On Fri, Aug 09, 2019 at 10:28:15AM -0700, sathyanarayanan kuppuswamy wrote:
> On 8/9/19 3:28 AM, Lukas Wunner wrote:
> > A sysfs request to enable or disable a PCIe hotplug slot should not
> > return before it has been carried out. That is sought to be achieved
> > by waiting until the controller's "pending_events" have been cleared.
> >
> > However the IRQ thread pciehp_ist() clears the "pending_events" before
> > it acts on them. If pciehp_sysfs_enable_slot() / _disable_slot() happen
> > to check the "pending_events" after they have been cleared but while
> > pciehp_ist() is still running, the functions may return prematurely
> > with an incorrect return value.
>
> Can this be fixed by changing the sequence of clearing the pending_events in
> pciehp_ist() ?

It can't. The processing logic is such that pciehp_ist() atomically
removes bits from pending_events and acts upon them. Simultaneously, new
events may be queued up by adding bits to pending_events (through a
hardirq handled by pciehp_isr(), through a sysfs request, etc).
Those will be handled in an additional iteration of pciehp_ist().

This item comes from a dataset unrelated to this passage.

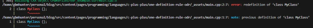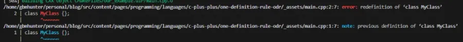 class MyClass {};class MyClass {}; // Illegal!While this is illegal, it is not normally a problem since the compiler can easily detect this and give you an error (I tested this with GCC v11.4.0, see This is a placeholder for the reference: fig-multiple-definitions-in-one-file-error). Header guards protect the same header file (and thus the same class) from being defined multiple times in the same translation unit (header guards also do useful things like preventing infinite re-inclusion).

If I'd delay removing bits from pending_events, I then couldn't tell if
new events have accumulated while others have been processed.
E.g. a PDS event may occur while another one is being processed.
The second PDS events may signify a card removal immediately after
the card has been brought up. It's crucial not to lose the second PDS
event but act properly on it by bringing the slot down again.

This way of processing events also allows me to easily filter events.
E.g. we tolerate link flaps occurring during the first 100 ms after
enabling the slot simply by atomically removing bits from pending_events
at a certain point. See commit 6c35a1ac3da6 ("PCI: pciehp: Tolerate
initially unstable link").

Now what I *could* do would be to make the events currently being
processed public, e.g. by adding an "atomic_t current_events" to
struct controller. Then I could wait in pciehp_sysfs_enable_slot() /
_disable_slot() until both "pending_events" and "current_events"
becomes empty. But it would basically amount to the same as this patch,
and we don't really need to know *which* events are being processed,
only the *fact* that events are being processed.

Let me know if you have further questions regarding the pciehp
processing logic.

Thanks,

Lukas